By Kyle Pfannenstiel, Idaho Capital Sun
Idaho's campaign to put medical marijuana on the November ballot faces multiple setbacks over signature collection and verification.
The Natural Medicine Alliance of Idaho spent $2 million on paid signature gatherers and turned in roughly 150,000 signatures. To qualify, organizers must collect valid signatures from 6 percent of registered voters statewide and from 6 percent of voters in at least 18 of Idaho's 35 legislative districts—a standard set in 2013. Idaho Secretary of State Phil McGrane said the initiative has not yet met the legal requirements, while a separate abortion rights initiative led by Melanie Folwell with 1,100 volunteers appears likely to have cleared the threshold. Counties finish verification Tuesday; groups then submit totals to the Secretary of State's Office for a final tally.
In Minidoka County, roughly 4,000 signatures were rejected after a Natural Medicine Alliance contractor arrived at the clerk's office at approximately 5:05 p.m. on May 1—after the close of business. County Clerk Tonya Page declined to count them. The group sued, but Judge W. Reed Cotten ruled June 18 that the signatures were late, noting a departing employee had accepted the petitions but warned the contractor they would still be considered late.
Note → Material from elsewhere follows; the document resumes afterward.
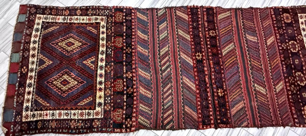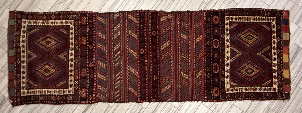 Most likely woven by a nomadic Afghan tribe. This rug features a deep color pallet and does appear to be more than one piece in areas. It is possible this piece was constructed from three pieces. Repeating diamond pattern. 124" Long x 42" Wide. [GF]

A second problem emerged this month when Deputy Secretary of State Matthew Reiber wrote to the Alliance requiring proof that certain signature gatherers are Idaho residents and at least 18 years old. Idaho law, added in 1999, voids signatures from out-of-state circulators—a requirement only six states impose. "Due to these complaints and a demonstrated inability to verify residency of certain circulators, we have requested all county clerks and their staff review and log circulator information," Reiber wrote. The Alliance has until Tuesday to comply.
McGrane had earlier urged the group to file signatures before the deadline, noting that by late March only about 10,200 had been submitted, fewer than half verified, and that a last-day surge would strain county clerks already managing Idaho's primary election. Ada County Clerk Trent Tripple said organizers delivered nearly 6,000 pages on deadline day. Spokesperson Amanda Watson said the group "will work with the Secretary of State's office to collect any information requested" and is confident the initiative will qualify, though she acknowledged uncertainty about whether the district-level threshold was met.